Рекомендуем почитать
Автобиография

Автобиография выдающегося немецкого философа Соломона Маймона (1753–1800) является поистине уникальным сочинением, которому, по общему мнению исследователей, нет равных в европейской мемуарной литературе второй половины XVIII в. Проделав самостоятельный путь из польского местечка до Берлина, от подающего великие надежды молодого талмудиста до философа, сподвижника Иоганна Фихте и Иммануила Канта, Маймон оставил, помимо большого философского наследия, удивительные воспоминания, которые не только стали важнейшим документом в изучении быта и нравов Польши и евреев Восточной Европы, но и являются без преувеличения гимном Просвещению и силе человеческого духа.Данной «Автобиографией» открывается книжная серия «Наследие Соломона Маймона», цель которой — ознакомление русскоязычных читателей с его творчеством.


Властители душ

Работа Вальтера Грундмана по-новому освещает личность Иисуса в связи с той религиозно-исторической обстановкой, в которой он действовал. Герхарт Эллерт в своей увлекательной книге, посвященной Пророку Аллаха Мухаммеду, позволяет читателю пережить судьбу этой великой личности, кардинально изменившей своим учением, исламом, Ближний и Средний Восток. Предназначена для широкого круга читателей.


Невилл Чемберлен

Фамилия Чемберлен известна у нас почти всем благодаря популярному в 1920-е годы флешмобу «Наш ответ Чемберлену!», ставшему поговоркой (кому и за что требовался ответ, читатель узнает по ходу повествования). В книге речь идет о младшем из знаменитой династии Чемберленов — Невилле (1869–1940), которому удалось взойти на вершину власти Британской империи — стать премьер-министром. Именно этот Чемберлен, получивший прозвище «Джентльмен с зонтиком», трижды летал к Гитлеру в сентябре 1938 года и по сути убедил его подписать Мюнхенское соглашение, полагая при этом, что гарантирует «мир для нашего поколения».

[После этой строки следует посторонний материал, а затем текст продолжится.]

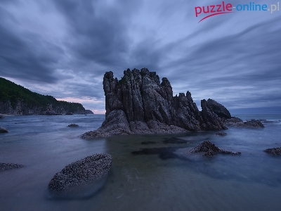 Kamienie, Chmury, Morze, Skały, Wzgórze
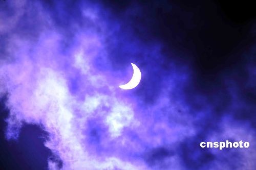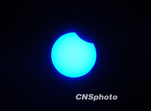 中国各地观测日食奇观:连云港上空出现日偏食景观
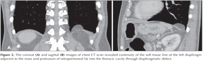 Bochdalek hernia is one of the most common types of diaphragmatic hernia (1). Chest radiograph is a pivotal role as the first-line for detection of various kinds of chest diseases, although imaging for diagnosis of the disease is mainly based on conventional axial sections of CT scan. In these images, diaphragmatic hernias were sometimes misdiagnosed as other diseases in lung parenchyma (2,3). The coronal and sagittal images of CT scan as well as? magnetic resonance imaging (MRI) for a Bochdalek hernia are characteristic enough for making a definitive diagnosis and render other diagnostic modalities unnecessary (4,5). Although very rare, physicians should be taken this disease into differential diagnosis in case with paradiaphragmatic mass lesion.
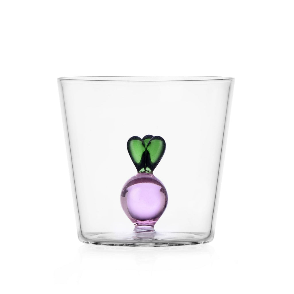 Un dettaglio che sorprende, ogni giorno. Il bicchiere in vetro borosilicato della collezione Vegetables firmata Ichendorf Milano racchiude un piccolo ortaggio colorato al suo interno, realizzato a mano con cura artigianale.
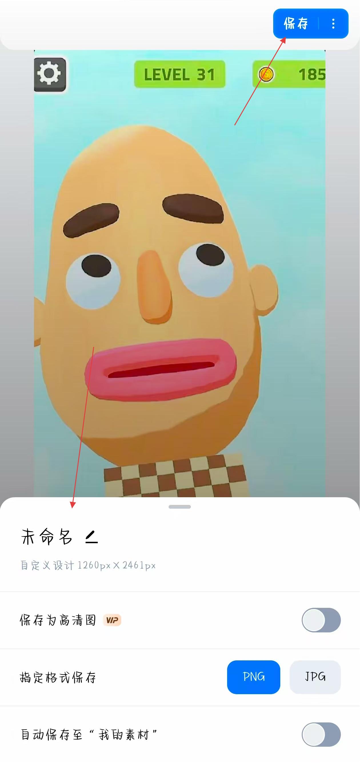 4、编辑完成后,点击右上角保存按钮,在弹出的选项中设置文件名、保存格式等,完成图片编辑后的保存。
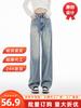 Jeans de Pierna Ancha de Tiro Alto de Color Claro para Mujer, Nuevo Estilo Primavera 2026, Corte Holgado, Adelgazantes, Pantalones Rectos de Largo Hasta el Suelo
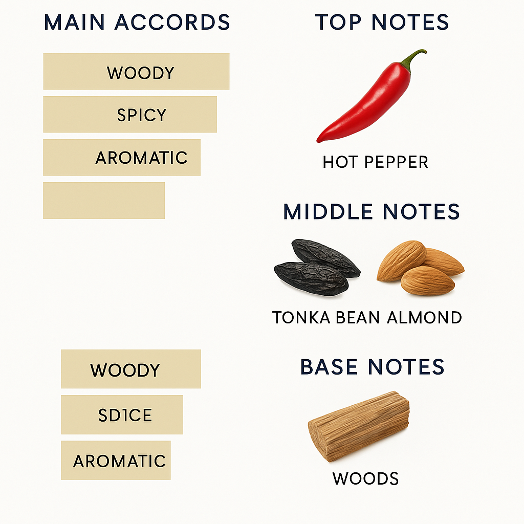 There is no doubt that the legendary elegance of men is achieved with a distinctive and unique perfume that creates a distinctive identity for him that shines in the sky of any society as soon as it appears. Therefore, the strong and fragrant masculine woody perfume formula of hot pepper, tonka beans and almonds mixed with a large group of glowing and bold aromatic scents is the ideal choice to reach your goal with ease and gain a unique place in the hearts of those present.
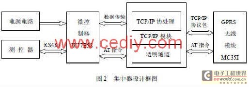 微控制器通过 AT指令初始化 GPRS无线模块,使之附着在 GPRS网上,获得网络运营商动态分配给 GPRS集中器的 IP地址并与抄表终端建立连接,通过 RS232串口向客户系统收发数据或指令,向 TCP/IP模块收发数据等。
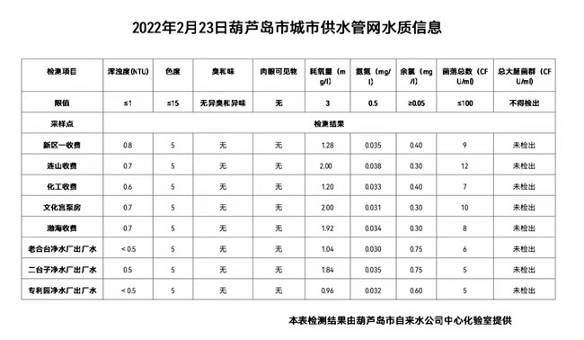 2022年2月23日葫芦岛市城市供水管网水质信息
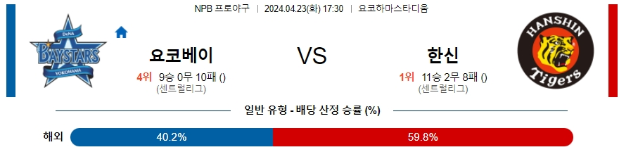 이번 경기는 최근 5연승을 달리고 있는 한신과 2연승 중인 요코하마의 맞대결로, 양 팀 모두 연승 행진을 이어갈 가능성이 큰 중요한 경기이다.
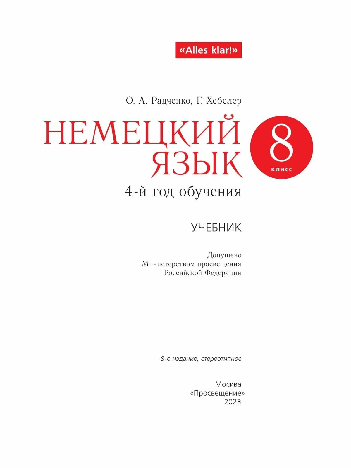 Учебник по немецкому языку предназначен для учащихся 8 классов и является основным компонентом учебно-методического комплекса, в который также входят рабочая тетрадь, электронное приложение, книга для чтения, книга для учителя и методическое пособие к данной линии.
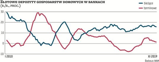 Na pierwszy rzut oka obawy nie są uzasadnione. Choć realne oprocentowanie depozytów jest poniżej zera już od niemal trzech lat, ich wartość rośnie w ekspresowym tempie. Z danych NBP wynika, że w listopadzie w bankach na złotowych rachunkach bieżących i terminowych gospodarstw domowych znajdowało się 803 mld zł, o ponad 10 proc. więcej niż rok wcześniej. Depozyty przyrastają w dwucyfrowym tempie od grudnia 2018 r.
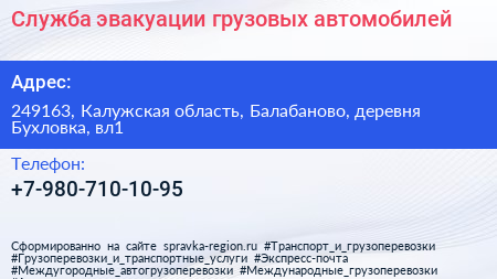 Служба эвакуации грузовых автомобилей по адресу 249163, Калужская область, Балабаново, деревня Бухловка, вл1 в дальнейшем Организация, размещена в следующих категориях:
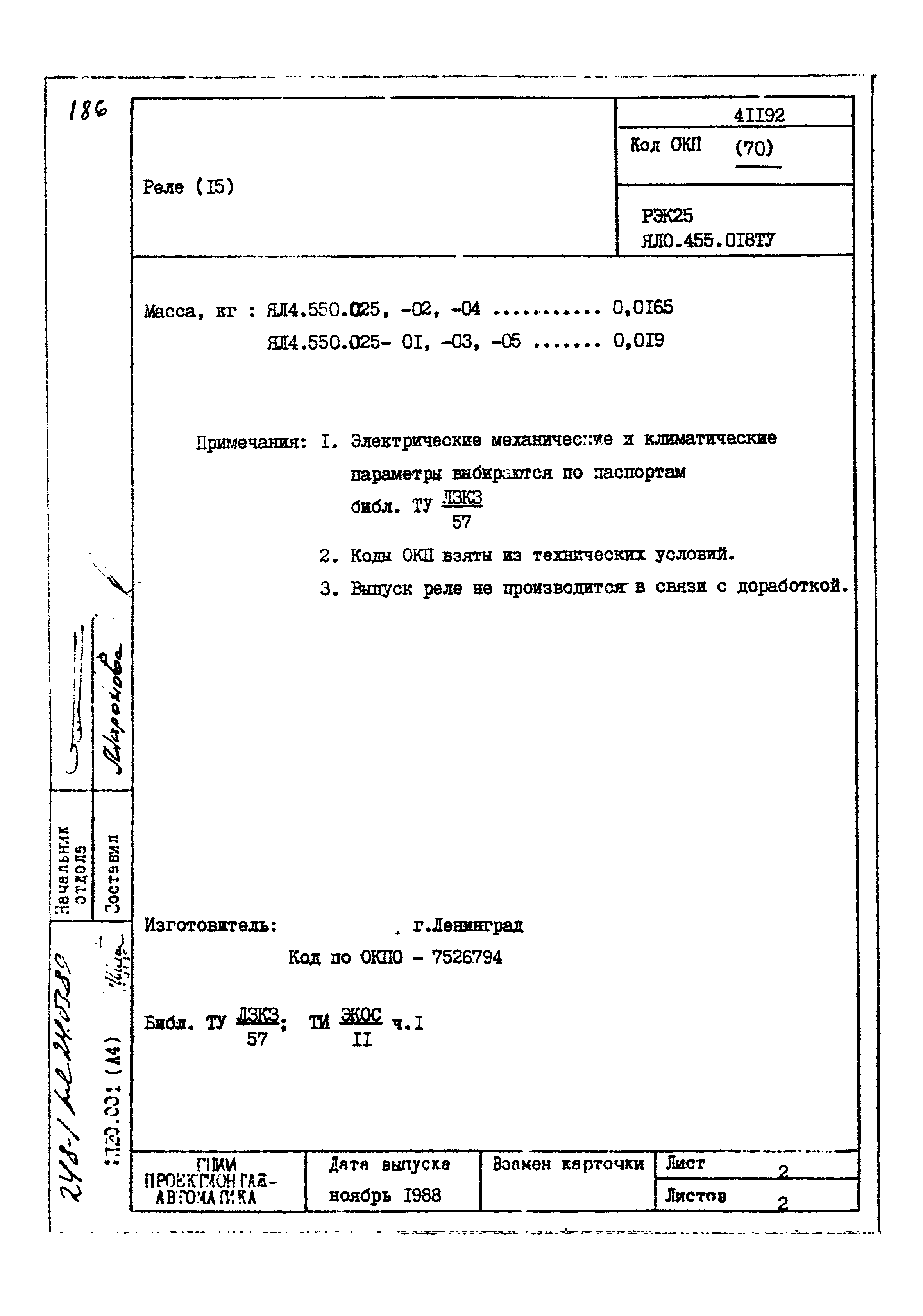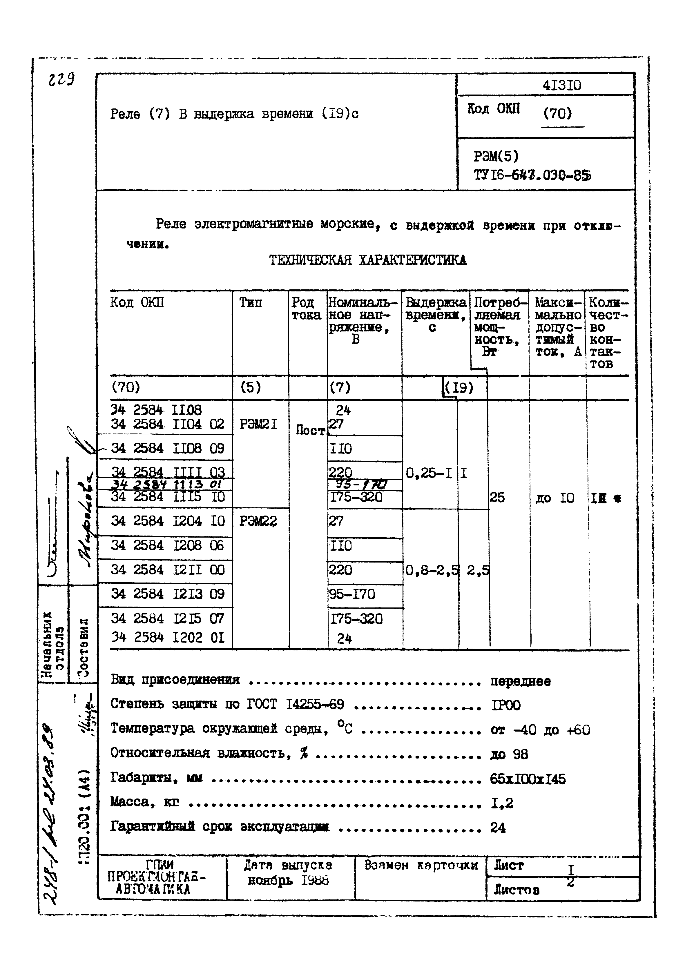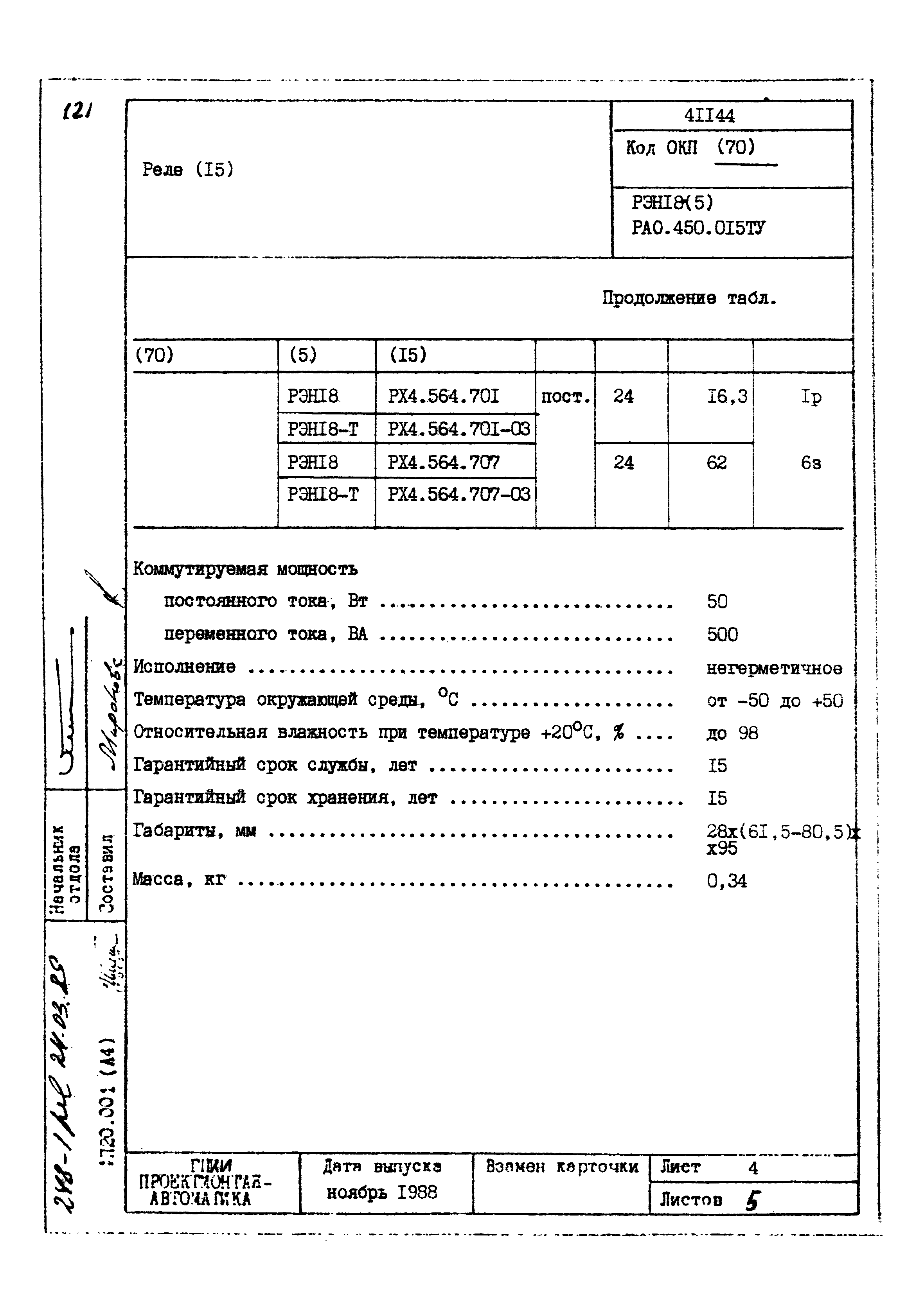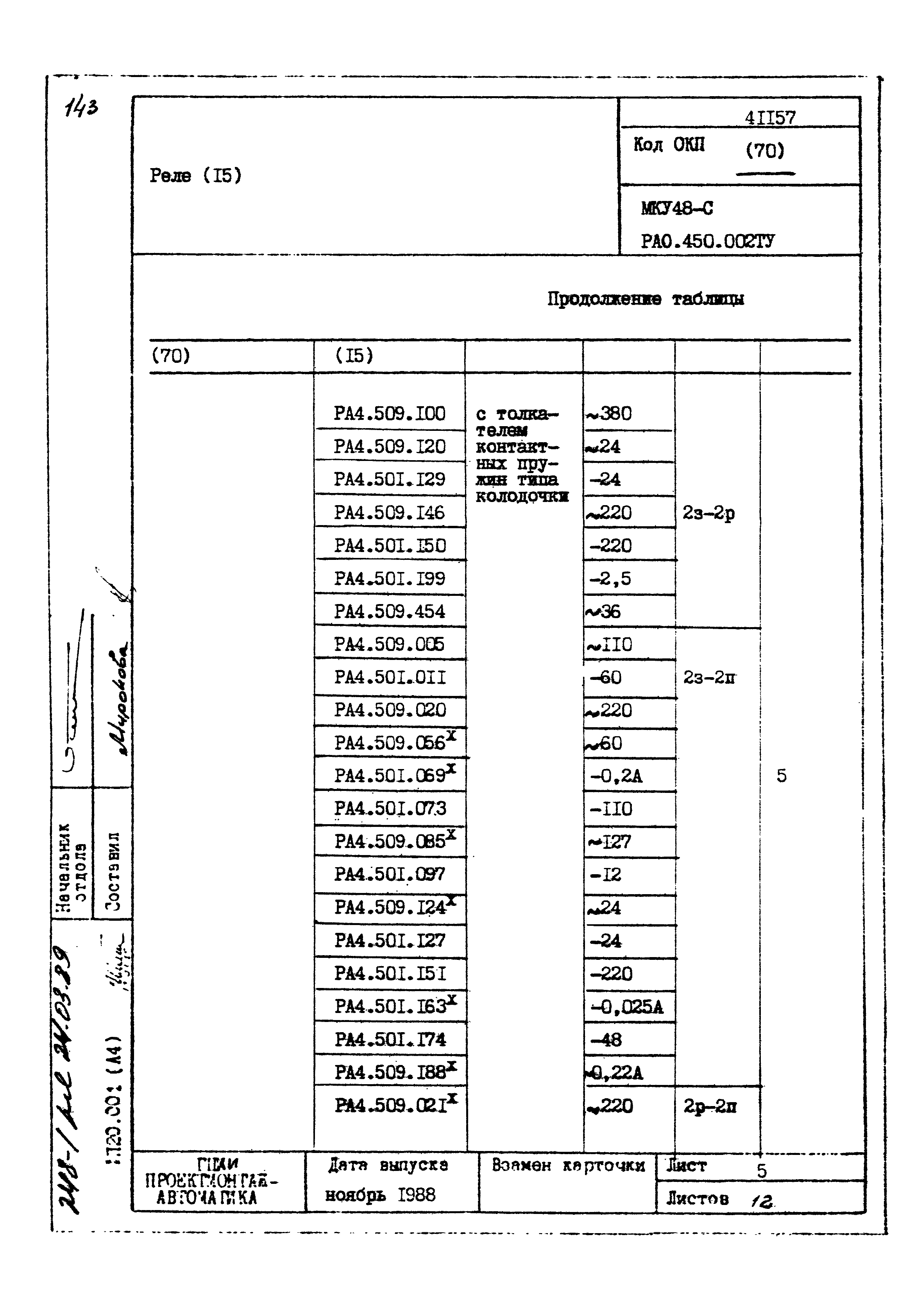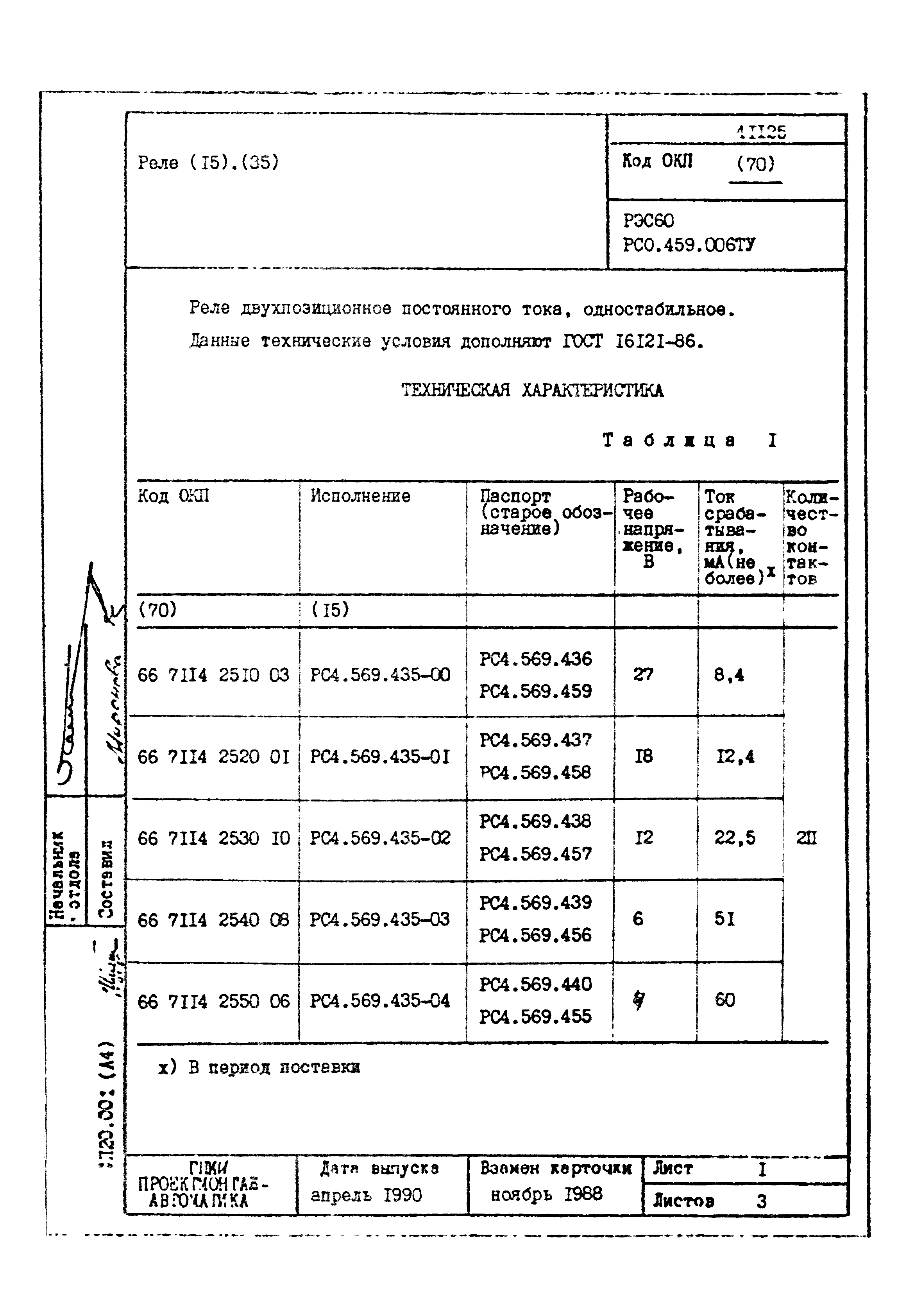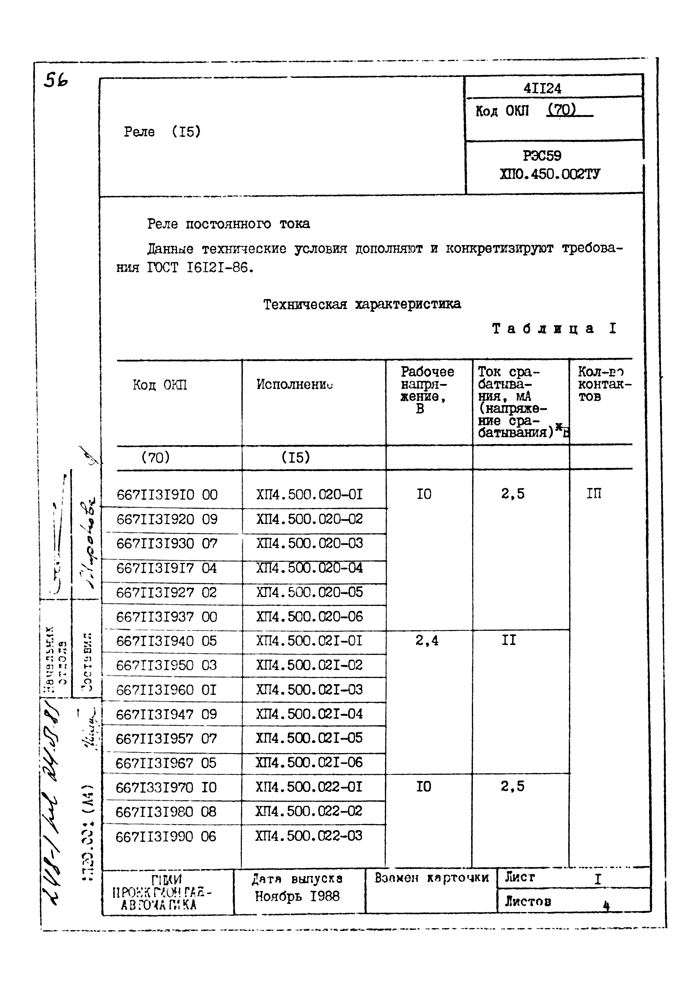 | Заменяет собой: | - «Картотека серийных приборов и средств автоматизации. Раздел 41. Реле контактные двух- и трехпозиционные» (1985 год)

Победоносцев. Русский Торквемада

Константин Петрович Победоносцев — один из самых влиятельных чиновников в российской истории. Наставник двух царей и автор многих высочайших манифестов четверть века определял церковную политику и преследовал инаковерие, авторитетно высказывался о методах воспитания и способах ведения войны, давал рекомендации по поддержанию курса рубля и композиции художественных произведений. Занимая высокие посты, он ненавидел бюрократическую систему. Победоносцев имел мрачную репутацию душителя свободы, при этом к нему шел поток обращений не только единомышленников, но и оппонентов, убежденных в его бескорыстности и беспристрастии.


Фаворские. Жизнь семьи университетского профессора. 1890-1953. Воспоминания

Мемуары известного ученого, преподавателя Ленинградского университета, профессора, доктора химических наук Татьяны Алексеевны Фаворской (1890–1986) — живая летопись замечательной русской семьи, в которой отразились разные эпохи российской истории с конца XIX до середины XX века. Судьба семейства Фаворских неразрывно связана с историей Санкт-Петербургского университета. Центральной фигурой повествования является отец Т. А. Фаворской — знаменитый химик, академик, профессор Петербургского (Петроградского, Ленинградского) университета Алексей Евграфович Фаворский (1860–1945), вошедший в пантеон выдающихся русских ученых-химиков.


Южноуральцы в боях и труде

В книге рассказывается история главного героя, который сталкивается с различными проблемами и препятствиями на протяжении всего своего путешествия. По пути он встречает множество второстепенных персонажей, которые играют важные роли в истории. Благодаря опыту главного героя книга исследует такие темы, как любовь, потеря, надежда и стойкость. По мере того, как главный герой преодолевает свои трудности, он усваивает ценные уроки жизни и растет как личность.